My understanding behind the filter is:

  • signal at 0.3 Hz
  • noise at >> 0.3 Hz
  • pass everything from 0 to 0.33 Hz
  • attenuate everything from 0.36 Hz beyond

Your help will be much appreciated!

Data can be downloaded here: http://dl.dropbox.com/u/1918592/detrendedTS.mat Column 1 of 'ts' is time variable, column 2 is data variable

I detrended a linear fit (Matlab 'detrend') to remove some of the walk-away red noise behavior.

1

1 Answers

3
votes

The code that you posted generates a 57th (!!!!) order filter to perform the operation that you want to do. The freqz command does indeed show that this filter is valid, but attempting to implement such a high order filter directly without first converting it to 2nd order sections using tf2soswill undoubtedly result in serious numerical errors. This is probably why you just see zeros. If you convert the filter coefficients into 2nd order sections and then cascade the filters, you should actually get the filter output observed using the freqz command.

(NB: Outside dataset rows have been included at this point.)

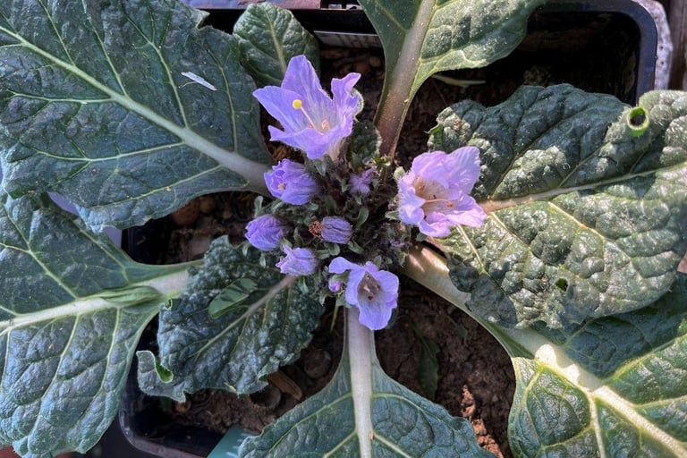 Les mandragores d'automne (Mandragora autumnalis) commencent à fleurir (depuis mi septembre). Les couleurs varient du bleu au blanc en fonction des origines géographiques et qui peut varier d'une plante a l'autre même pour une même origine Plus de détails sur mon site web: https://la-mandragore.eu/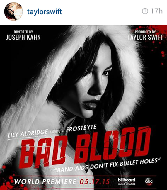 LILY ALDRIDGE CAST IN TAYLOR SWIFT’S “BAD BLOOD” MUSIC VIDEO
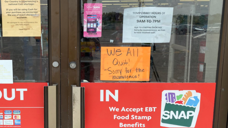 KOLN informó que los dos últimos empleados restantes renunciaron y colocaron el letrero el domingo, mientras que el gerente de la tienda había dejado su puesto cuatro o cinco días antes.

The reason you get such a high filter order in the first place is because you have placed the start and stop bands very closely. The use of the buttord function is completely unnecessary for a simple low-pass Butterworth filter. Just use ...

[b,a] = butter(n,cut/(sfreq/2));

... just pick n to give you the rolloff you want (6,12,18 dB etc . . ). You'll only run into problems once n becomes about 10 when using double precision data representation, but you'll probably find a relatively small filter order will do the job you want.